LPs who participate in the management of the LPF risk losing their limited liability. The LPF Ordinance provides a safe harbour listing activities that LPs may perform without being deemed to have participated in management—including attending advisory board meetings, providing advice to the GP, approving the annual accounts, and consenting to GP removal. LPs should ensure that any advisory board roles or consent rights they exercise fall within the safe harbour.
Most LPFs establish an investor advisory committee (IAC) comprising representatives of significant LPs. The IAC reviews and approves conflicts of interest, related party transactions, and valuations, and provides a forum for GP-LP dialogue. The LPA should specify the IAC's composition, powers, and decision-making procedures.
LPFs are required to have their accounts audited annually by a certified public accountant in Hong Kong. Audited accounts must be distributed to all partners and filed with the Companies Registry, promoting transparency and accountability.
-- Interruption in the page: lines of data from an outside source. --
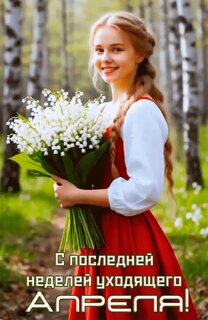 Прекрасная молодая девушка в светлом платье и красном сарафане стоит в солнечном березовом лесу, держа в руках пышный букет нежных ландышей. На изображении присутствует поздравительная надпись на русском языке: "С последней неделей уходящего апреля!". Атмосферное и светлое фото, передающее весеннее настроение, свежесть природы и красоту первоцветов. Подходит для поздравительных открыток и тематических постов в социальных сетях.
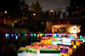 At night by the river with the wishing lanterns carrying the wishes and love floating by to our loved once that are now departed to wherever they may be. We still carry them in our hearts.
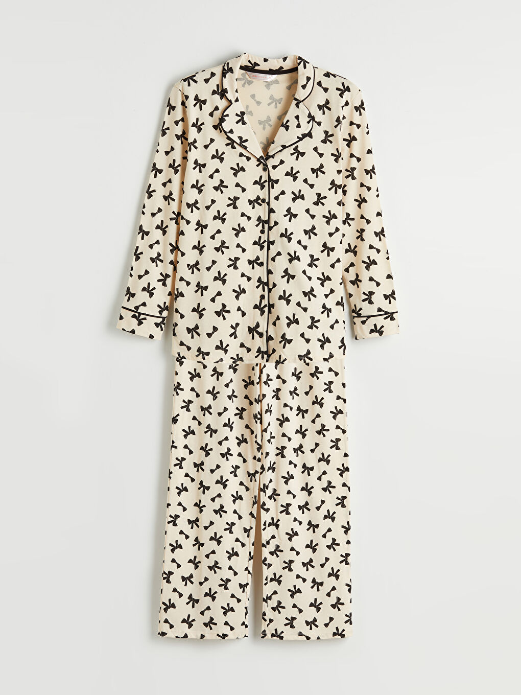 LCW DREAM Beige Shirt Collar Bow Print Maternity Pajama Set with exclusive discounts, installment plans, and cash on delivery advantages at LCW! Shop online now and have the product delivered to your door! – S6A584Z8-LQB
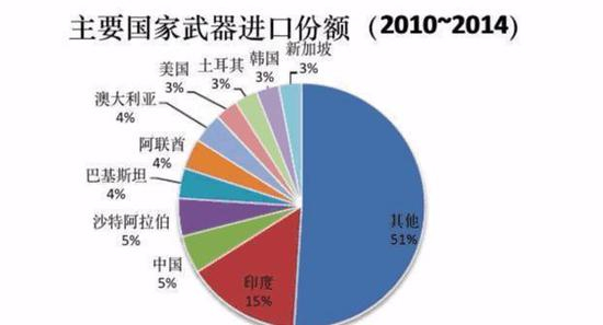 我国在武器科研上相较于美国和俄罗斯还是有段距离的,因此在国际军火市场上中国并不是所谓的武器巨头,在2010到2014年区间我国的武器出口和进口占军火市场份额连百分之五都没有,而美国和俄罗斯几乎站占据了一半以上。
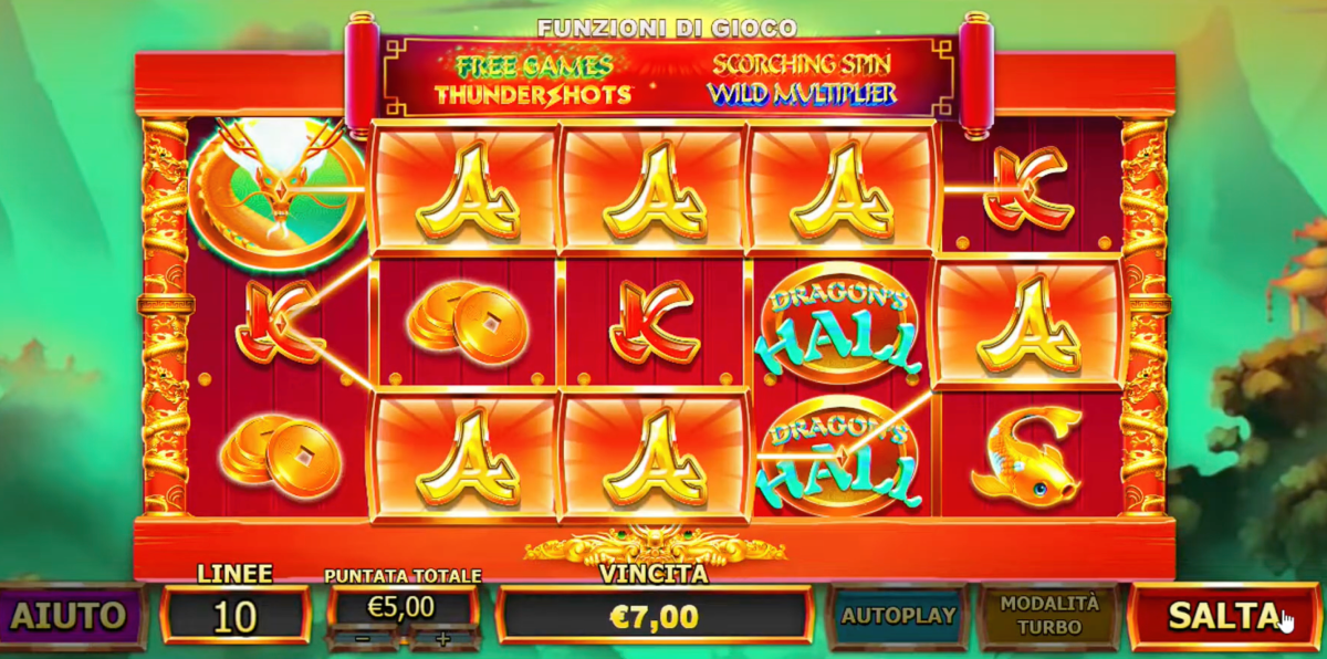 Playtech has an online slot game called Dragon’s Hall Thundershots, which is part of a series of three other Thundershots games.The bonus wheel adds excitement to the slot and increases the potential winnings. With various opportunities to win, it is definitely worth playing this slot that is set in the east.
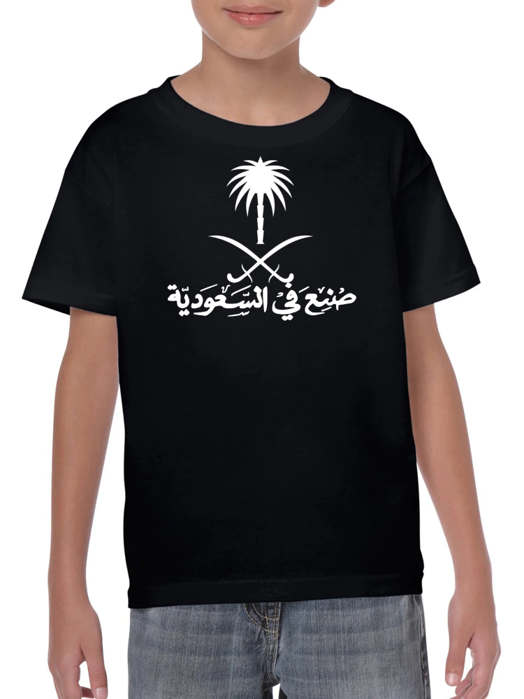 احصل على تيشيرت صنع في السعودية أطفال (أسود) الآن من tshirtyshop وتمتع بجودة عالية وتصميم يعبر عن هوية وطنية مميزة لطفلك.

LPFs benefit from a profits tax exemption on qualifying transactions in the same way as other collective investment schemes under the unified fund exemption in the Inland Revenue Ordinance (Cap. 112). Qualifying transactions include dealings in stocks, shares, bonds, futures contracts, and foreign exchange.
To qualify for the exemption, the LPF must be managed by an SFC-licensed investment manager in Hong Kong, and the fund must not be closely held (broadly, it must not be beneficially owned by a small number of related persons).
A dedicated carried interest tax concession applies to carried interest received by qualifying persons (including fund managers and key employees) from qualifying LPFs. Under this concession, qualifying carried interest is subject to a reduced profits tax rate of 0% (for corporations) or a concessionary salaries tax rate (for individuals), subject to meeting substance, minimum investment period, and other conditions.
This concession makes Hong Kong highly competitive with jurisdictions such as the United Kingdom (which has a similar carried interest regime) and is a material factor in managers' decisions to establish and manage funds in Hong Kong.
The LPF compares favourably to a Cayman Islands exempted limited partnership in several respects:
Some managers continue to prefer Cayman structures for their established market familiarity, the depth of the Cayman service provider ecosystem, and the ability to distribute to investors in jurisdictions where Cayman funds have established regulatory recognition.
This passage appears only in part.